Have you ever wondered why AI sometimes answers the wrong questions or gives you unreasonable information?
This problem is about to disappear because researchers from Alibaba and the University of Science and Technology of China have developed a new AI called START (Self-Taught Reasoner with Tools).
START is not just an ordinary AI, but it is an AI that thinks step by step and knows how to use thinking tools, just like we use calculators or computer programs to solve difficult problems.
How does START work? What makes START different?
START is an AI that builds on the concept of Large Reasoning Models (LRMs) or large language models that focus on reasoning.
- Chain-of-Thought (CoT): Think systematically in stages:
- START uses a method called "Chain-of-Thought", which is to break down complex problems into small steps and gradually solve them step by step. This makes it possible to better analyze and deal with complex problems. It's like when we solve difficult math problems, we have to do it step by step.
- Using External Tools: Python Interpreter:
- When faced with a problem that requires complex calculations or needs more information, START runs a Python program to help calculate, examine data, or generate the desired result. This makes it possible to get accurate and reliable answers. It's like having a smart calculator and an assistant to analyze personal data.
- Self-Taught Learning: Learn and improve yourself:
- START has a system that helps it learn from its own experience and improve its reasoning and tooling skills, just like we practice repetitive problems until they get better.
- It uses techniques called Hint-infer and Hint Rejection Sampling Fine-Tuning (Hint-RFT), which allow the model to learn how to effectively use external tools. It does not require a large amount of sample data.
START mechanism
(A little technical, you can skip it.)

Illustration of the operation of START from the research paper
START works through two main processes:
- Hint-infer :
- At this stage, START inserts "hints" (hints). into the reasoning process to encourage the model to run external tools.
- An example of a hint such as "Wait, maybe using Python here is a good idea."
- Hint Rejection Sampling Fine-Tuning (Hint-RFT) :
- This step uses the results from the Hint-infer to be screened, scored, and refined to create a high-quality dataset (DSEED).
- The dseed is then taken to fine-tune the base model (QwQ-32B-Preview) to create a START-0.
- START-0 will be used to create a richer dataset (DSTART), which will lead to a final fine-tune to create a START.
How good is START? Examples of amazing talents
START is not just "good", but "very good".
Let's take a look at some examples of START's amazing capabilities.
- Solve competitive math problems:
- START scores high in high-level math competitions such as MATH500 and AMC23, with an accuracy of 95% in some competitions, which is higher than many elite students.
- Answer PhD Science Questions:
- START can accurately answer difficult and complex questions at the doctoral level. In the GPQA (Graduate-Level Science Questions) test, START scored significantly better than previous generations of AI.

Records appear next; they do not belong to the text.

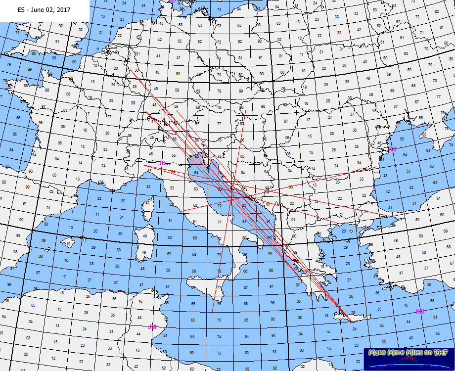 Rig: K3, Beko HLV-160, DK7ZB 3-Element (2/4/6m Interlaced) ODX: 2018km Log: 16:05 SV9CVY KM25KA Comment: First ES for me in 2017 |
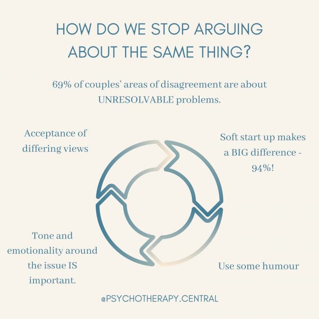Have you found yourself in relationship arguing about the same thing over and over with no outcome? If your answer is yes, you are not alone. Research has found that 69% of couples’ areas of disagreement are about UNRESOLVABLE problems. …
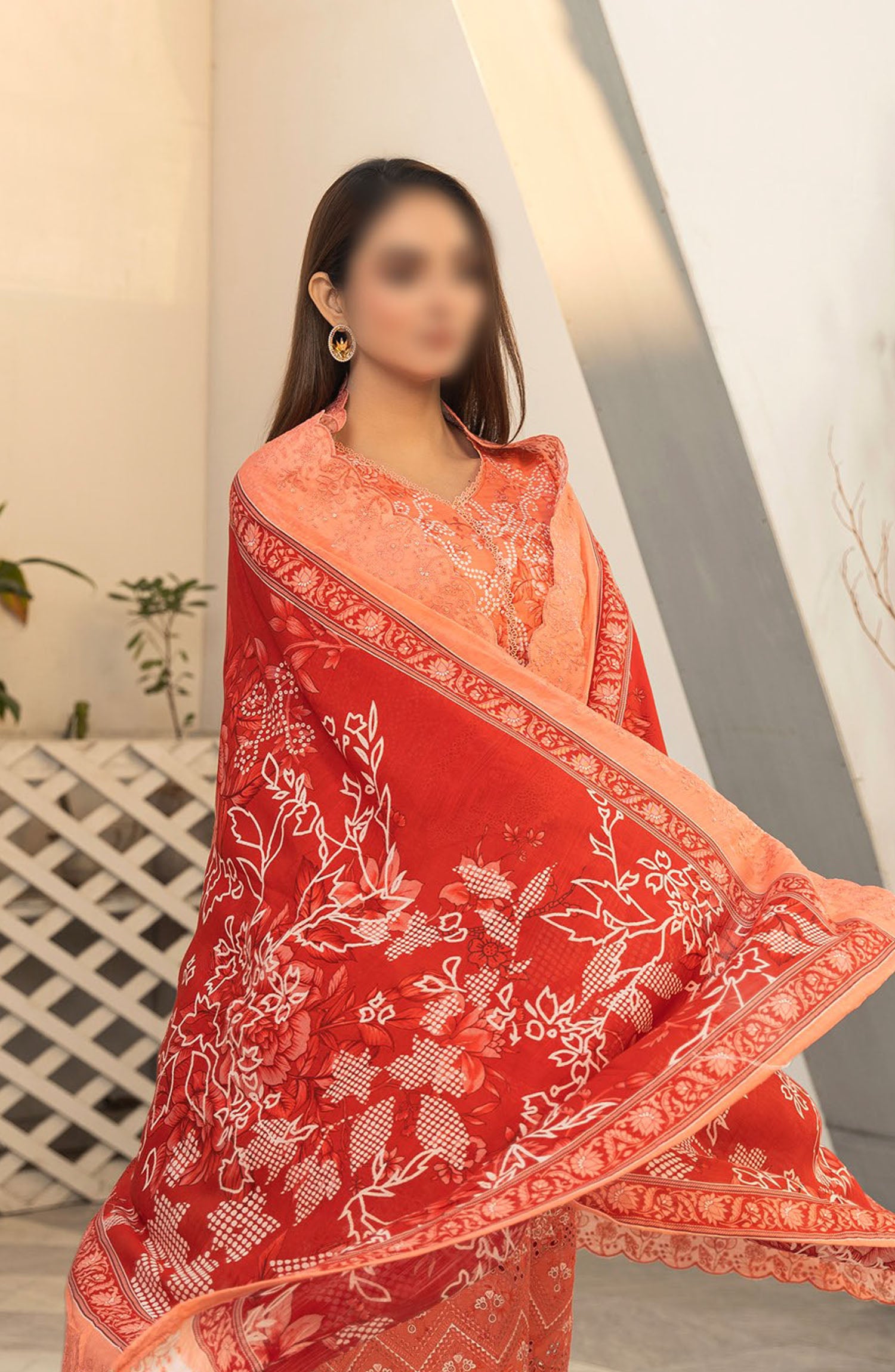 Home Dastak by Al Karim Embroidered Lawn Unstitched 3 Piece Suit - D-08 - ALK25DV1 - Peach - Summer Collection
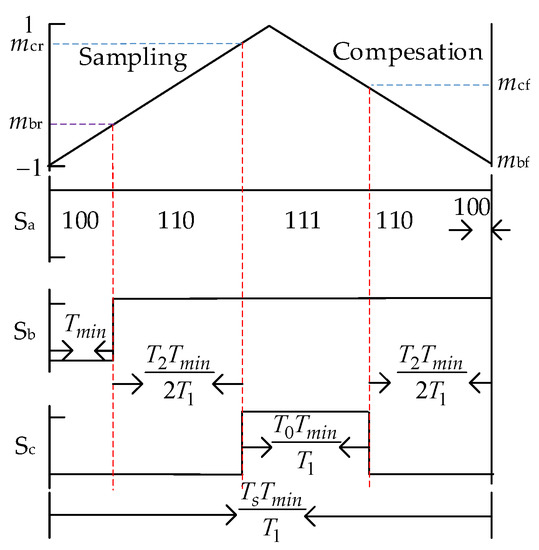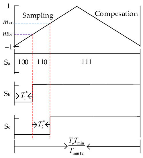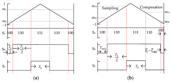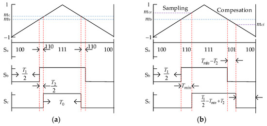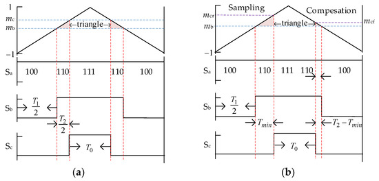 The rising stage of the carrier is noted as the sampling period, and the falling stage is noted as the compensation period. When the target vector is located in Region 1, T2, the duration of is less than Tmin. If T2 (Tmin, 2Tmin), a simple phase-shifting method can be adopted to guarantee the duration of in the sampling period is equal to Tmin, and the duration of in the compensation period is equal to (T2Tmin); the switching state in a carrier period is shown in Figure 9. It can be seen that there is no change in the duration of any vector. It is worth noting that the comparison value of phase-c in the rising stage of carrier is not the same as that in the falling stage. The triangle in Figure 9a is similar to that in Figure 9b, so the comparison value in the rising stage mcr and in the falling stage mcf should be satisfied as
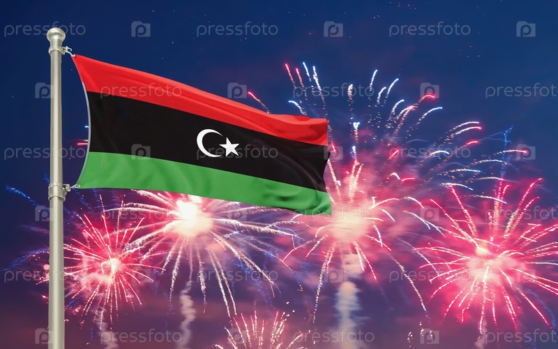 AI генеративный Национальный флаг Независимости Ливийского государства, фон с фейерверком
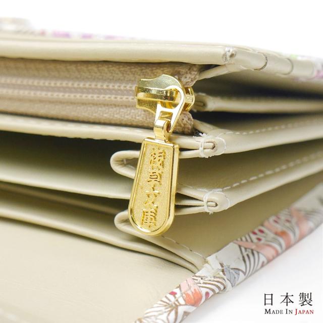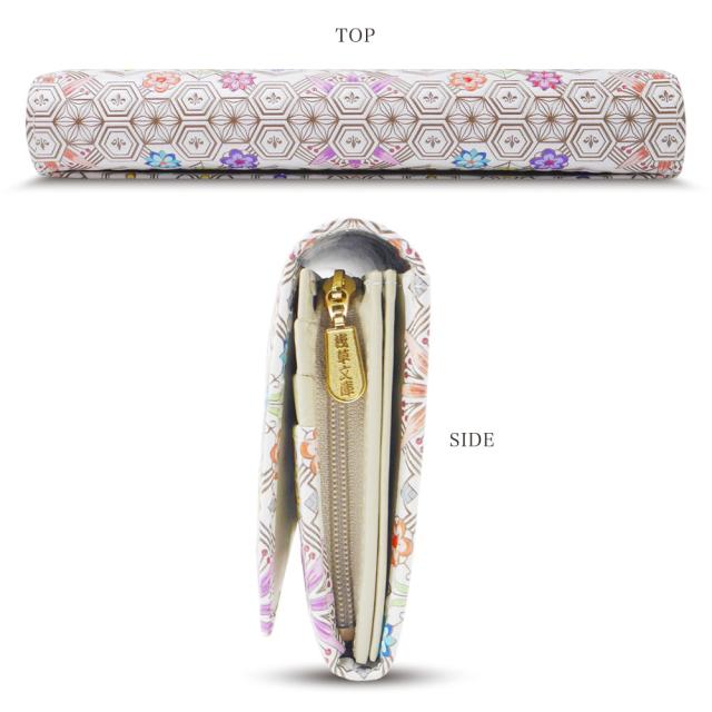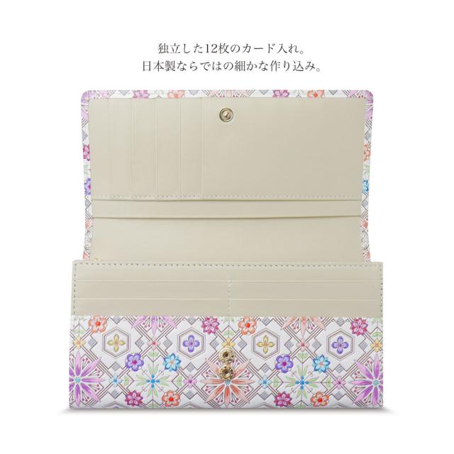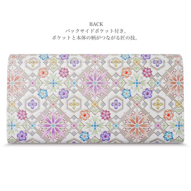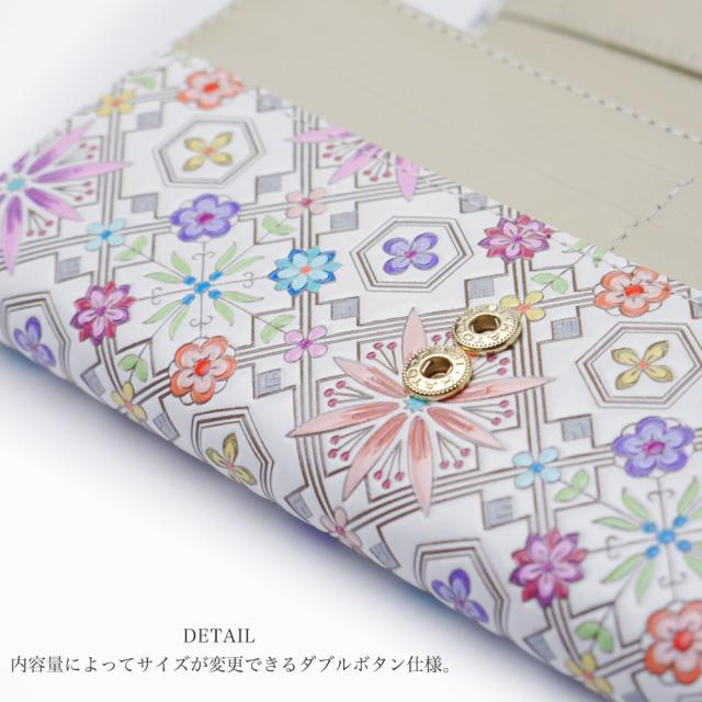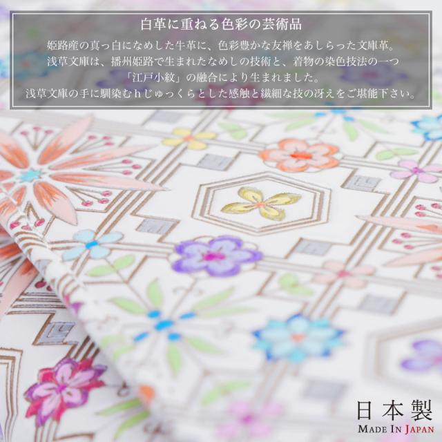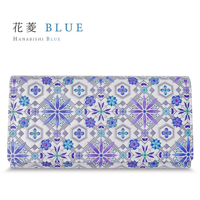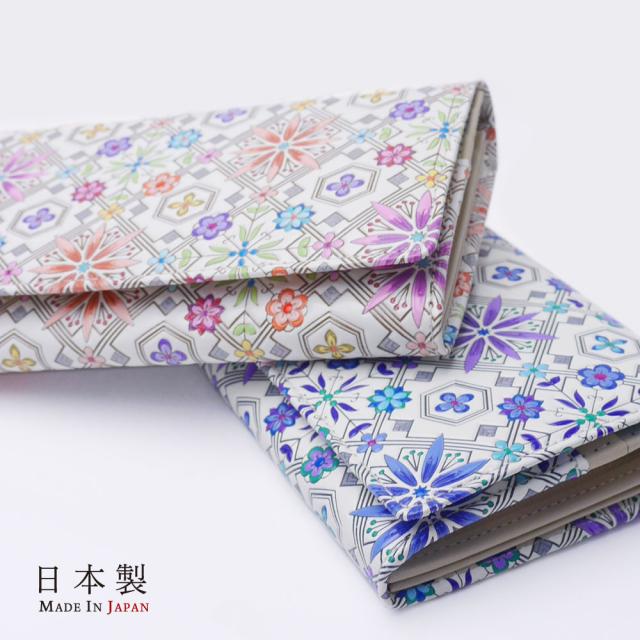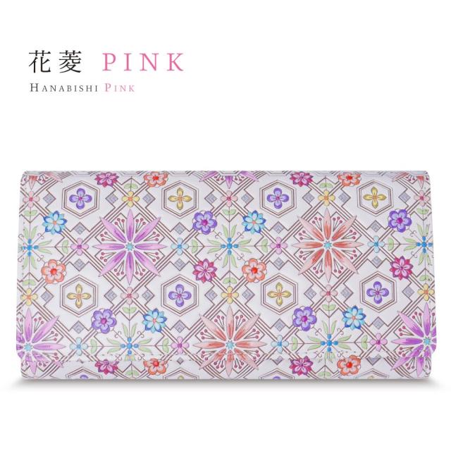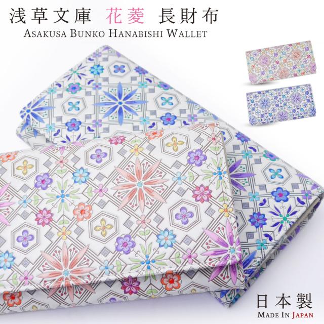 浅草文庫 花菱 日本製 かぶせ 長財布 選べる2色 ピンク ブルー 友禅染 財布 サイフ プレゼント 贈り物 浅草 文庫革 江戸小紋
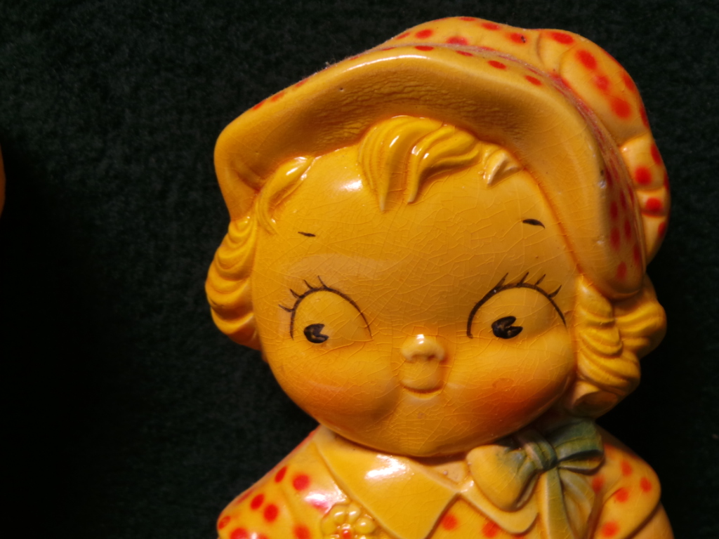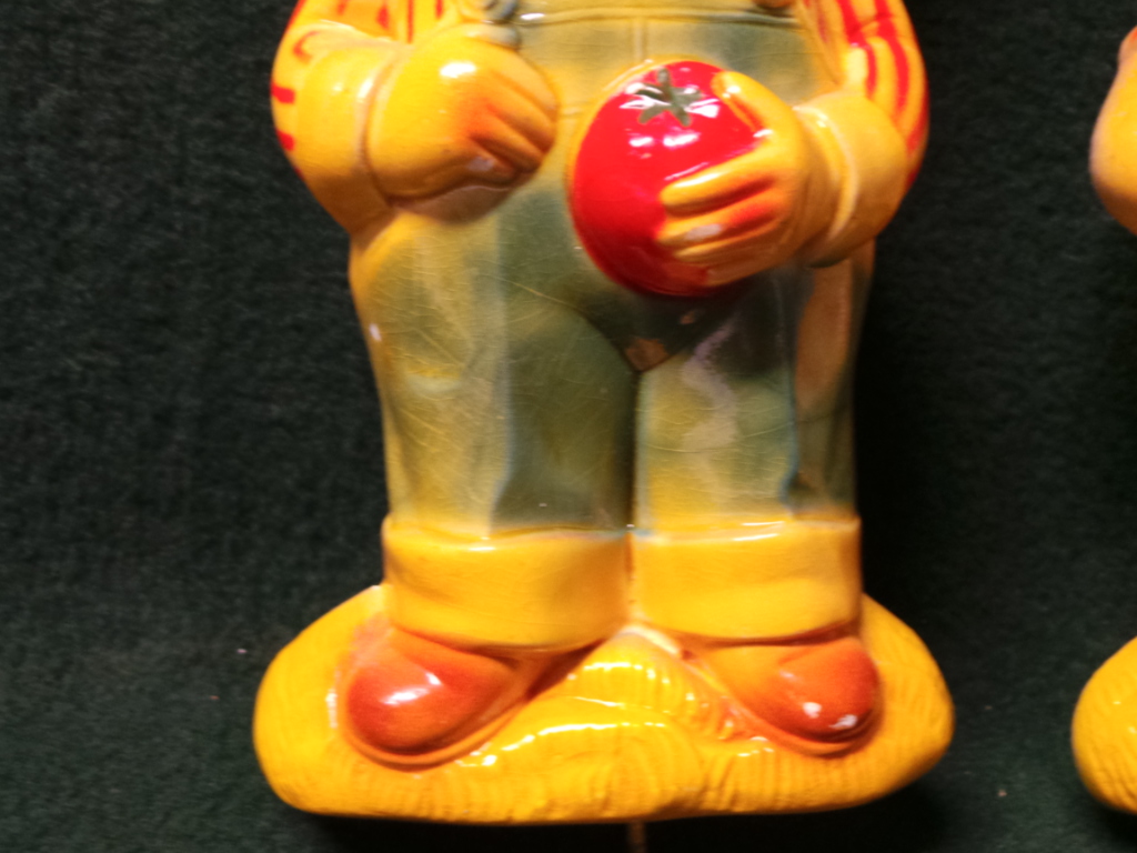 You will find one of the chaulkware pot holders but never as a pair. These have been in my country store and in my kitchen for over 25 years and now time for them to find a new home. They are completely mint and perfectly colored with no touch ups. Little boy is holding a fresh tomato while having eyes for the little girl. The little girl is holding some flowers looking back at the Campbell’s boy. He has a straw hat and she a lovely polka dot bonnet. Two tiny rubs on one of his shoes and a tiny one on his finger. Pot holder hangers are there for your use. 5545
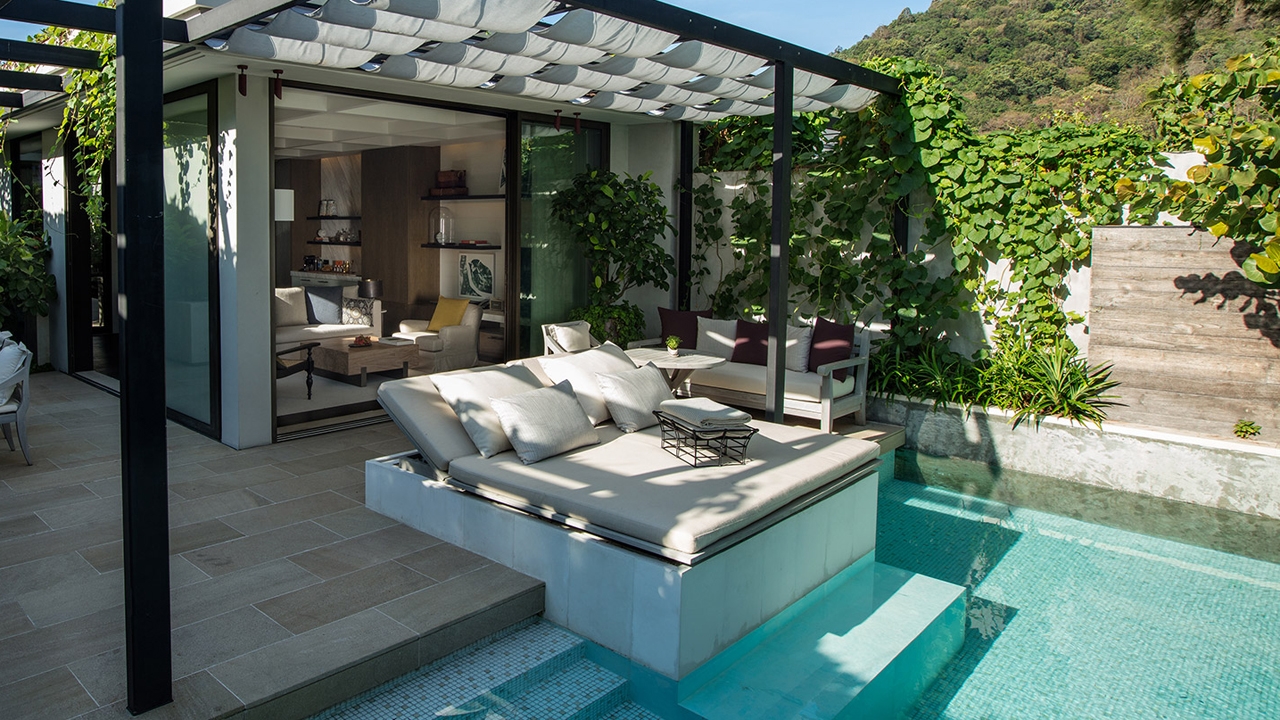 The hotel features 71 pavilions and villas hidden among the tropical vegetation just moments from the beach. Floor-to-ceiling windows flood rooms with natural light, and a soft neutral colour schemes gives a contemporary, fresh feel. All villas and pavilions come with private pools and outdoor space in which to relax.

- Computer Code and Debugging :
- START is not only programming code, but also programming. But they can also check and correct errors in their code on their own, which is a very important skill in software development.
What's even more amazing is that START can do these things without being told every step.
Surprisingly good (secretly scared slightly 😆)
Technology Behind START: QwQ-32B-Preview and Fine-Tuning
START is built on the basis of the QwQ-32B-Preview model, a highly efficient Large Language Model (LLM) that uses Python as an important tool to help think and process data.
START also uses a two-phase fine-tuning process to fine-tune the model for better reasoning and tooling.
How will START change our world? Application Potential
START has the potential to revolutionize and transform our world in many ways, such as:
- Scientific Research:
- START can help scientists analyze complex data, find hidden relationships, or even help invent new theories effectively.
- Education:
- START can be used to develop smart, personalized learning materials for each learner. It makes it easier to understand difficult content.
- Software Development:
- START can help programmers write code, check for errors, and optimize their programs, making software development faster and more efficient.
- Complex Solutions:
- Whether it's financial data analysis, business strategy planning, or logistics management, START can help us make better decisions and solve complex problems effectively.
The future of AI that "thinks" is not just "remembered"
START is not just an ordinary AI, but a giant leap forward in the field of artificial intelligence technology. It shows that AI can really "think", not just remember information to answer.
Although START still has some limitations, such as the ability to work with languages other than Python.
But it also opens the door to a new world of AI that is smarter, more context-sensitive, and ready to help humans solve more complex problems in the future.
Who knows, in the next few years, we may see AI that can interact and reason like a real human.
START could be the beginning of a major revolution in AI that will change our world forever.